Nur mit staatlicher Förderung

Wichtig für den Erfolg sind auch Förderprogramme. Das Land Bayern etwa unterstützt Dorfläden mit weniger als zehn Mitarbeitern und einem jährlichen Umsatz von unter 2 Millionen Euro mit einmaligen Investitionszuschüssen. Jenseits der Grenze gibt es sogar noch mehr Unterstützung: Das österreichische Bundesland Vorarlberg zahlt Läden mit Gütern des täglichen Bedarfs, die maximal 400 Quadratmeter groß sind und einen Jahresumsatz von unter 2,5 Millionen Euro haben, auch einen jährlichen Betriebskostenzuschuss von im Schnitt 18.300 Euro. Mit dieser Subvention soll die Existenz solcher Läden in entlegenen Gemeinden und damit die Zukunft der Dörfer gesichert werden.

Die „Vereinigung von Bürger- und Dorfläden in Deutschland“ ist mit mehr als 180 Mitgliedern der größte einschlägige Interessenverband. Er vergibt den Titel „5 Sterne Dorfladen“, wenn folgende Kriterien erfüllt sind: mindestens eine schwarze Null im Geschäftsabschluss und Bezahlung über Mindestlohn, viele regionale Lieferanten, Fortbildung für die Mitarbeiter, aktives Marketing mit Kundenbefragungen, Netzwerkarbeit. Unter den ausgezeichneten Läden finden sich sowohl Genossenschaften, haftungsbeschränkte Unternehmer-Gesellschaften – an denen sich Bürger als stille Teilhaber beteiligen können – und Gesellschaften mit beschränkter Haftung (GmbH).

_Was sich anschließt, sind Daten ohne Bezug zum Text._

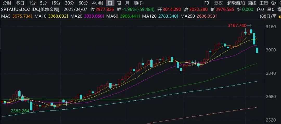 现货黄金也遭受重挫,跌破3000美元/盎司。同时,COMEX期铜也一度跌超8%,显示出大宗商品市场的普遍担忧。
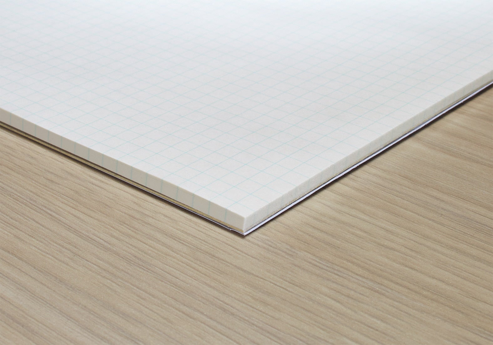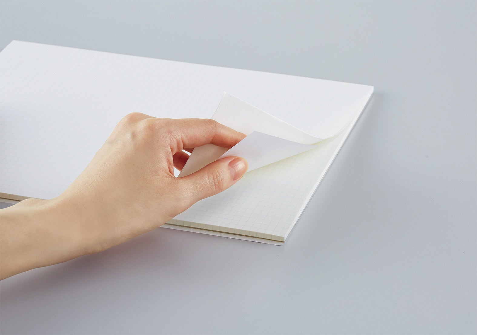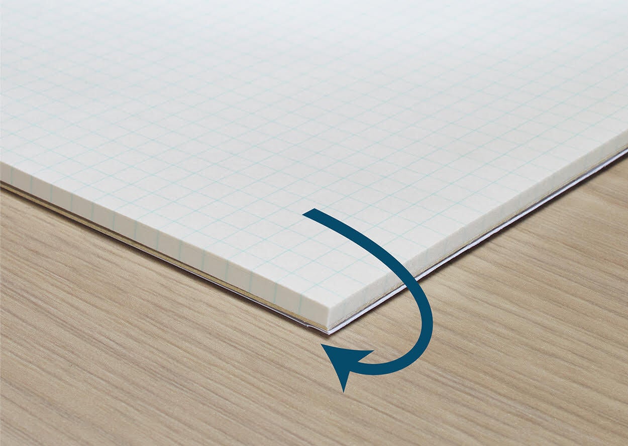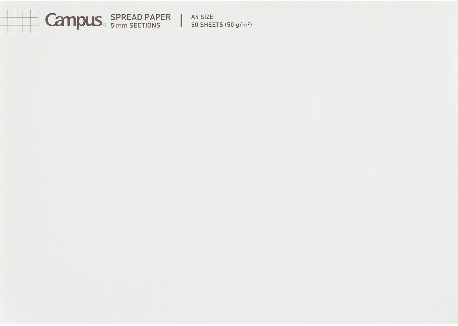 そこでコクヨは、思考のための筆記用紙として、今回発売する「キャンパス レポートパッド<SPREAD PAPER>」を新たに提案します。製本されているので、コピー用紙と比較しバラバラにならず、持ち運びがしやすくなっています。また、製本には表紙を折り返しても浮きが少ない方法を用いているため、使用時には紙をそのまま束ねたかのようなスッキリとした状態になり、思考のツールに適した無駄のない佇まいを実現しています。罫線はタテヨコの向きを問わない5mm方眼罫で、中紙には速乾性が高く、かつコピー用紙よりも薄く携帯性に優れたコクヨオリジナルの書翰箋原紙を採用しました。

Nicht selten betreiben Einzelpersonen Dorfläden, denen die Versorgung der Bevölkerung am Herzen liegt. In Wallmow im brandenburgischen Landkreis Uckermark etwa hat Ramona Fester 1990 den „Konsum“ übernommen, den sie schon zu DDR-Zeiten leitete. Der hat täglich zwei bis drei Stunden geöffnet und ist besonders bei Kindern von der Schule nebenan als auch bei Senioren beliebt, die nach dem Einkauf die Sitzgelegenheiten vor dem kleinen Dorfladen gern zu einem Plausch nutzen – der einzige Treffpunkt im 300-Einwohner-Ort. „Nach der Wende haben die großen Handelsketten in Prenzlau ihre Supermärkte eröffnet. Da ging bei mir das Geschäft gleich zurück“, erzählt Fester im Film „Alles, was man braucht“.

Die Regisseurin Antje Hubert stellt darin kleine Dorfläden aus Ost- und Norddeutschland vor, die es mit Waren des täglichen Bedarfs vom Apfelsaft bis zur Zahnbürste, mit regionalen Produkten und Unterstützung von Bürgern geschafft haben, sich gegen Aldi, Lidl, Edeka und Co. zu behaupten. Ein Ladenbetreiber aus Delve in Schleswig-Holstein bringt das im Film so auf den Punkt: „Wir sind ja kein Konsumtempel, und das ist das Schöne daran.“

Der Film ist zurzeit auf Tour – auch im ländlichen Raum – und wird zum Beispiel diese Woche in Neustadt in Holstein und in Lehrte sowie in der kommenden Woche in Großhennersdorf und in Starnberg gezeigt.